Thirunavukarasu Arun James, Hassan Refaat, Mahmood Shathar, Sanghera Rohan, Barzangi Kara, El Mukashfi Mohanned, Shah Sachin
University of Cambridge School of Clinical Medicine, Cambridge, United Kingdom.
Attenborough Surgery, Bushey Medical Centre, Bushey, United Kingdom.
JMIR Med Educ. 2023 Apr 21;9:e46599. doi: 10.2196/46599.
Large language models exhibiting human-level performance in specialized tasks are emerging; examples include Generative Pretrained Transformer 3.5, which underlies the processing of ChatGPT. Rigorous trials are required to understand the capabilities of emerging technology, so that innovation can be directed to benefit patients and practitioners.
Here, we evaluated the strengths and weaknesses of ChatGPT in primary care using the Membership of the Royal College of General Practitioners Applied Knowledge Test (AKT) as a medium.
AKT questions were sourced from a web-based question bank and 2 AKT practice papers. In total, 674 unique AKT questions were inputted to ChatGPT, with the model's answers recorded and compared to correct answers provided by the Royal College of General Practitioners. Each question was inputted twice in separate ChatGPT sessions, with answers on repeated trials compared to gauge consistency. Subject difficulty was gauged by referring to examiners' reports from 2018 to 2022. Novel explanations from ChatGPT-defined as information provided that was not inputted within the question or multiple answer choices-were recorded. Performance was analyzed with respect to subject, difficulty, question source, and novel model outputs to explore ChatGPT's strengths and weaknesses.
Average overall performance of ChatGPT was 60.17%, which is below the mean passing mark in the last 2 years (70.42%). Accuracy differed between sources (P=.04 and .06). ChatGPT's performance varied with subject category (P=.02 and .02), but variation did not correlate with difficulty (Spearman ρ=-0.241 and -0.238; P=.19 and .20). The proclivity of ChatGPT to provide novel explanations did not affect accuracy (P>.99 and .23).

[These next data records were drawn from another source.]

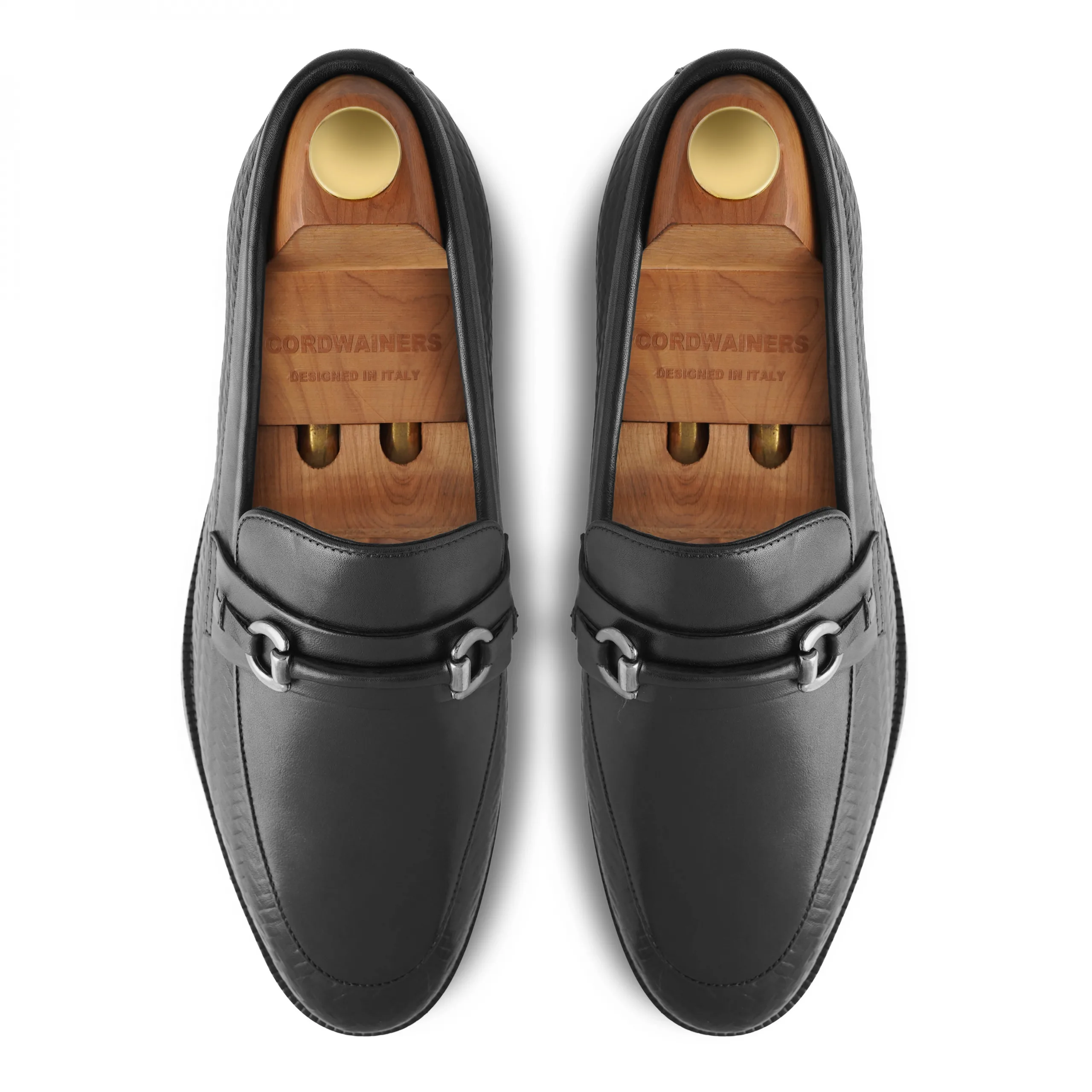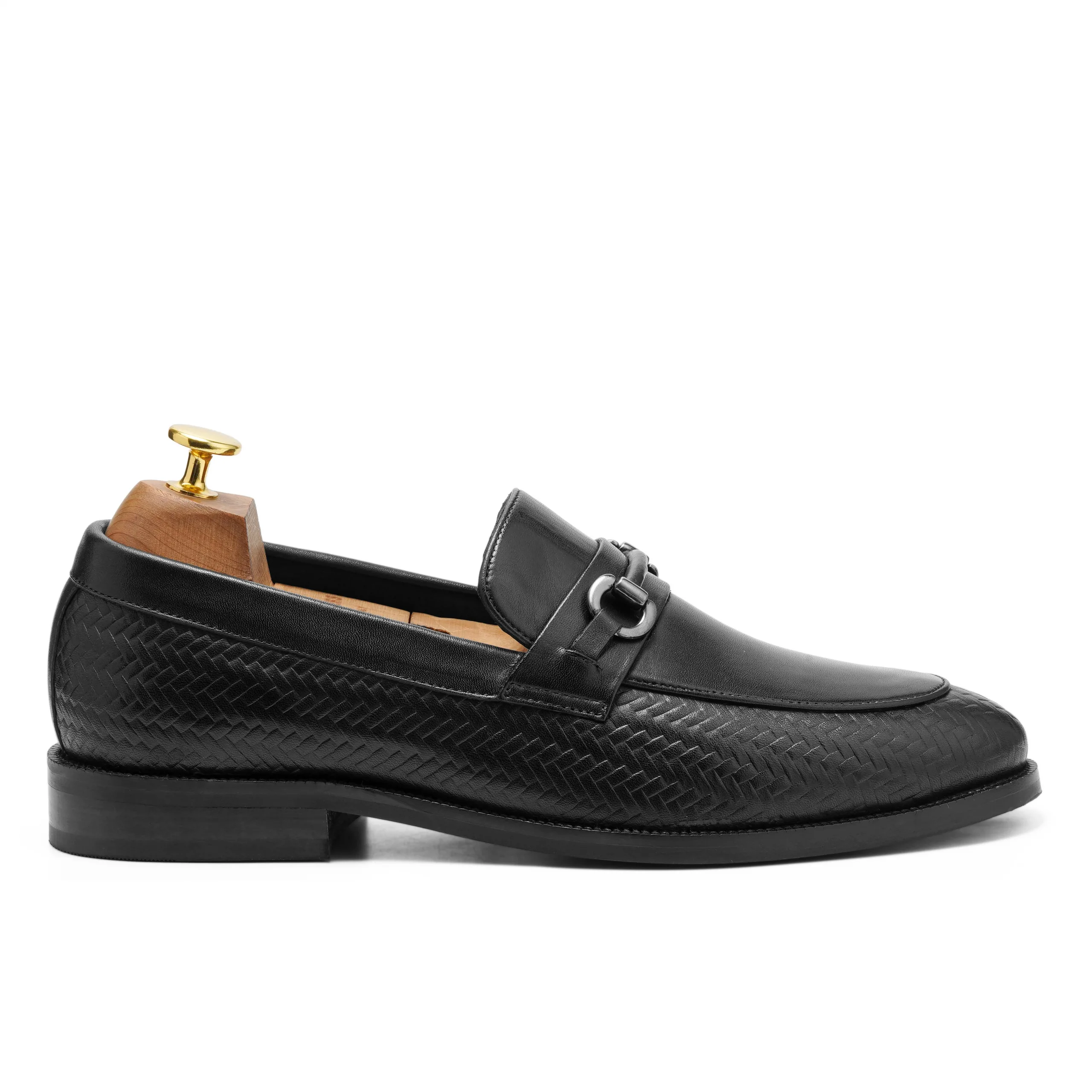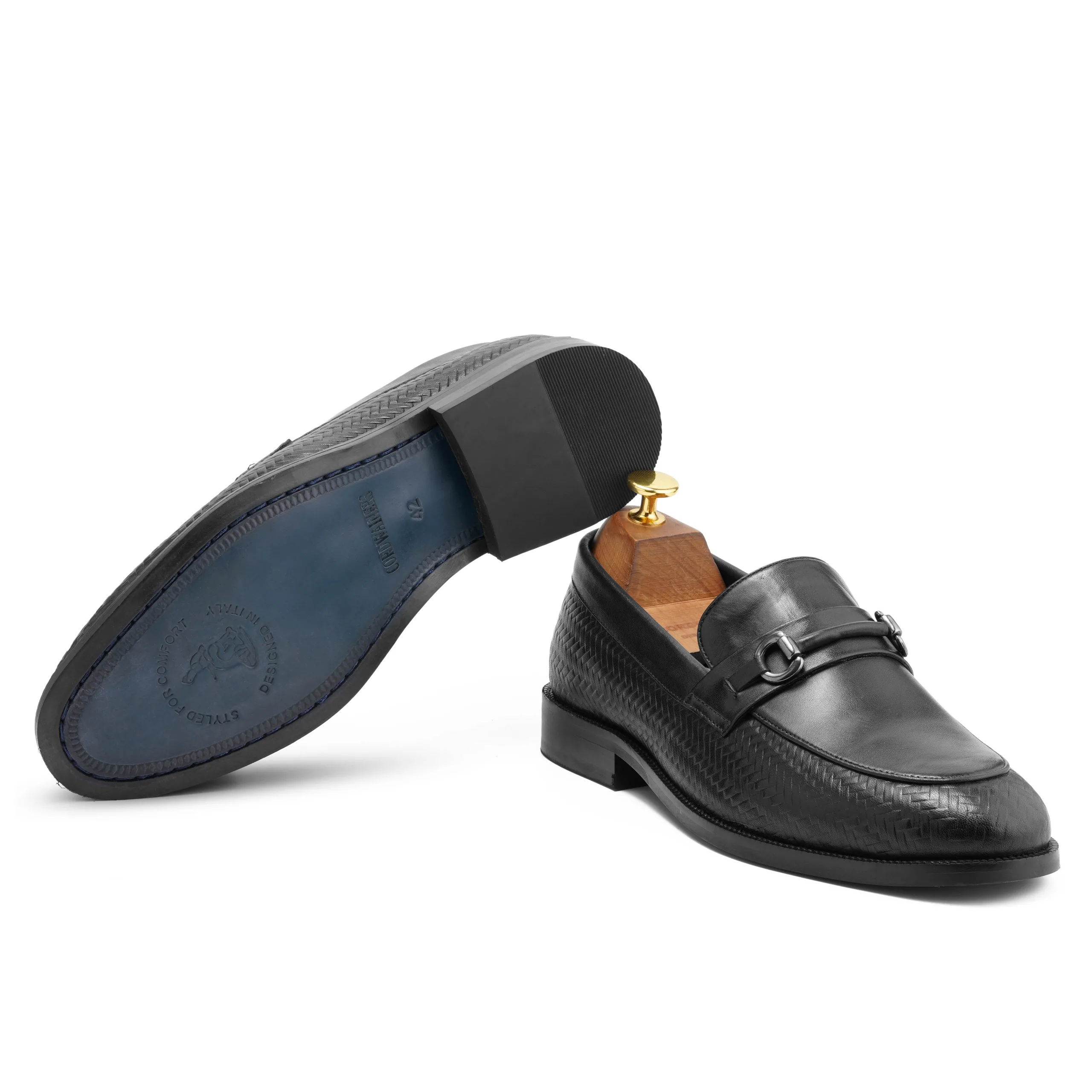 Redefine sophistication with these Black leather slip-on shoes, designed for versatility and timeless elegance. With their textured detailing, they offer a stylish edge to semi-formal dressing.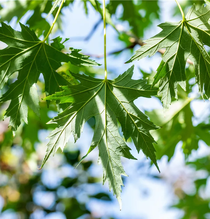Die sommergrünen Blätter des Geschlitzt.Silberahorns 'Laciniatum Wieri' sind hellgrün, glänzend, gelappt. Diese sind etwa 8 - 14 cm gross. Bronzefarbener Austrieb. Geschlitzt.Silberahorn 'Laciniatum Wieri' zeigt sich leuchtend gelb im Herbst.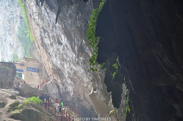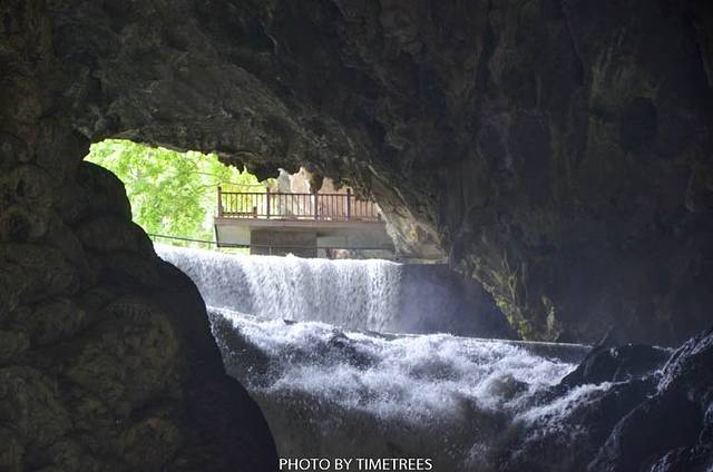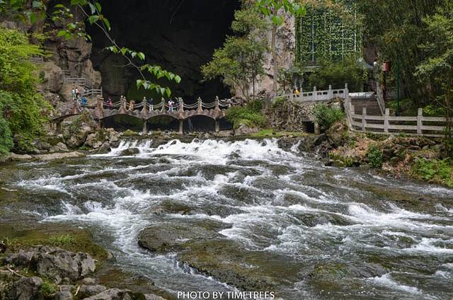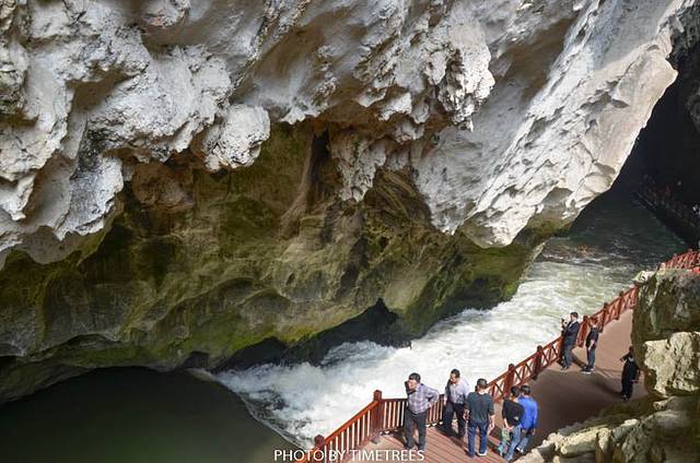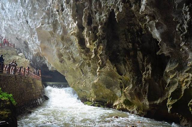 在不远处就听到哗哗的流水声,从枝叶间往外看去发现水流变得湍急了,拐过一个弯你会惊讶的发现有一个巨大的洞口,两旁的石钟乳好像獠牙,酷似一头张开血盆大口的巨龙。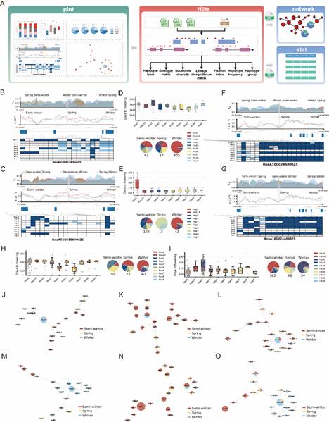 Hastat采用了模块化设计,包含分析(View)、统计(Stat)、网络(Network)和绘图(Plot)四个模块,使用户能够快速获得基因区域的单倍型和选择信号信息的同时,还能进一步完成单倍型网络的深入探索和高质量的可视化输出。为了全方位验证 Hastat 工具的解析能力与稳健性,研究团队整合了来自全球的 1,662份 甘蓝型油菜重测序种质资源,利用 DeepVariant 高精度检测并过滤构建了两个大型变异数据集(BnaWGS-1007 和 BnaWGS-655),并利用Hastat深入解析了两个控制开花时间的关键基因: BnFT.A02和BnFLC.A10。在选择机制上,两者展现了截然不同的进化命运,BnFT.A02 区域表现为高核苷酸多样性的平衡选择 (Balancing selection),保留了适应性灵活性;而 BnFLC.A10 则在启动子及编码区检测到了强烈的人工选择信号(Selective Sweep)。进一步的单倍型网络分析重现了油菜从欧洲冬型向中国半冬型及春型生态型驯化的历史轨迹:在这一过程中,以冬型为主的BnFT.A02 晚花单倍型(Hap1,约180天开花)频率逐渐降低;相反,携带自然变异的 BnFLC.A10 早花优异单倍型(Hap1, Hap4, Hap6,约165天开花)在半冬性群体中被显著富集。这一选择过程极大地促进了如“中双11号”等现代半冬型品种的形成,充分展示了Hastat在解析重要性状演化机制中的强大效能。
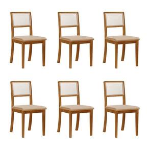 Kit 6 Cadeiras De Jantar Madeira Maciça Mel Encosto Telinha Palha Estofada Linho Bege Rubi A Cadeira Estofada possui formato anatômico e vai deixar seu ambiente muito mais bonito e sofisticado. Mantendo todo conforto que o móvel precisa ainda conta com enorme elegância. Tipo: Cadeira Modelo: Estofada Cor do Assento: Bege Cor da Base: Castanho Tecido: Linho Medidas: Altura: 92cm Largura: 46cm Comnto: 56cm ATENÇÃO OBS: BASE DE MADEIRA PODE APRESENTAR DETALHES (RANHURAS) DA PRÓPRIA MADEIRA, O QUE A TORNA ÚNICA E NATURAL, SENDO UMA PEÇA E NÃO UM DEFEITO DE FABRICAÇÃO! IMAGENS MERAMENTE ILUSTRATIVAS REALIZADO EDIÇÃO, PODENDO HAVER UMA PEQUENA VARIAÇÃO DE COR DEPENDENDO DE CADA TELA OU MONITOR.
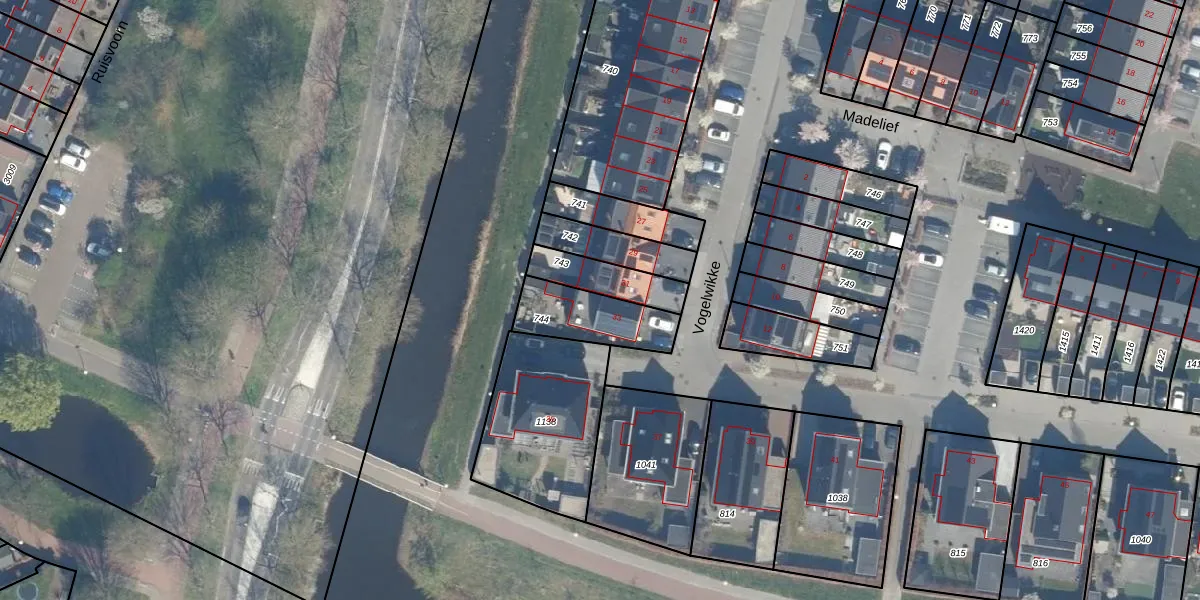 Gebruik de zoekbalk of klik op een perceel voor informatie over de adressen binnen dit perceel.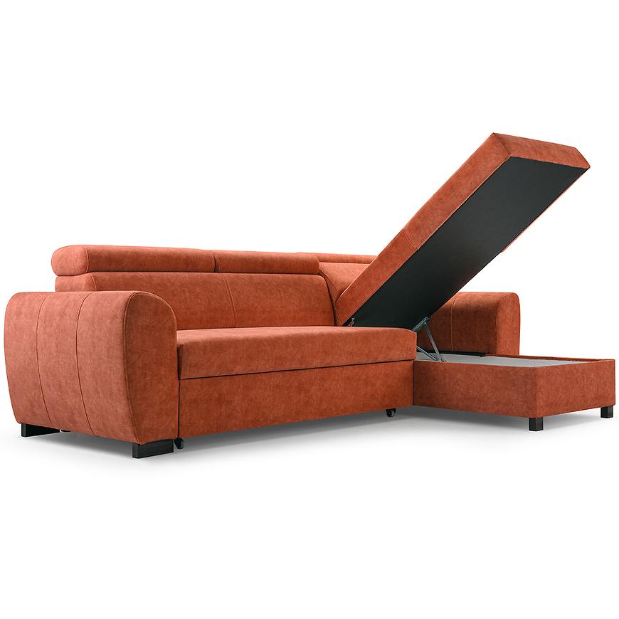 Dodatkowym atutem narożnika Laguna Lux jest pojemny schowek na pościel, który pomaga utrzymać porządek i pozwala efektywnie wykorzystać przestrzeń. Regulowany zagłówek podnosi komfort użytkowania, umożliwiając idealne dopasowanie oparcia do indywidualnych preferencji. Całość dopełniają eleganckie, drewniane nóżki, które nadają meblowi lekkości i nowoczesnego charakteru. Narożnik Laguna Lux Element 9 to stylowy i wszechstronny wybór dla osób, które cenią wygodę, jakość oraz unikalny design w codziennym użytkowaniu.

Large language models are approaching human expert-level performance, although further development is required to match the performance of qualified primary care physicians in the AKT. Validated high-performance models may serve as assistants or autonomous clinical tools to ameliorate the general practice workforce crisis.
在专门任务中展现出人类水平表现的大型语言模型正在涌现;例如生成式预训练变换器3.5,它是ChatGPT处理的基础。需要进行严格试验以了解新兴技术的能力,从而引导创新造福患者和从业者。
在此,我们以皇家全科医师学院应用知识测试(AKT)为媒介,评估ChatGPT在初级保健中的优势和劣势。
AKT问题来自基于网络的题库和两份AKT练习题。总共向ChatGPT输入了674个独特的AKT问题,记录模型的答案并与皇家全科医师学院提供的正确答案进行比较。每个问题在单独的ChatGPT会话中输入两次,比较重复试验的答案以评估一致性。通过参考2018年至2022年考官报告来衡量题目难度。记录ChatGPT给出的新颖解释,即问题或多个答案选项中未输入的信息。从题目、难度、问题来源和新颖的模型输出方面分析表现,以探索ChatGPT的优势和劣势。
ChatGPT的平均总体表现为60.17%,低于过去两年的平均及格分数(70.42%)。不同来源的准确率存在差异(P = 0.04和0.06)。ChatGPT的表现因题目类别而异(P = 0.02和0.02),但这种差异与难度无关(斯皮尔曼ρ = -0.241和 -0.238;P = 0.19和0.20)。ChatGPT提供新颖解释的倾向不影响准确率(P > 0.99和0.23)。
大型语言模型正在接近人类专家水平的表现,不过仍需要进一步发展以在AKT中达到合格初级保健医生的表现。经过验证的高性能模型可作为助手或自主临床工具,以缓解全科医疗劳动力危机。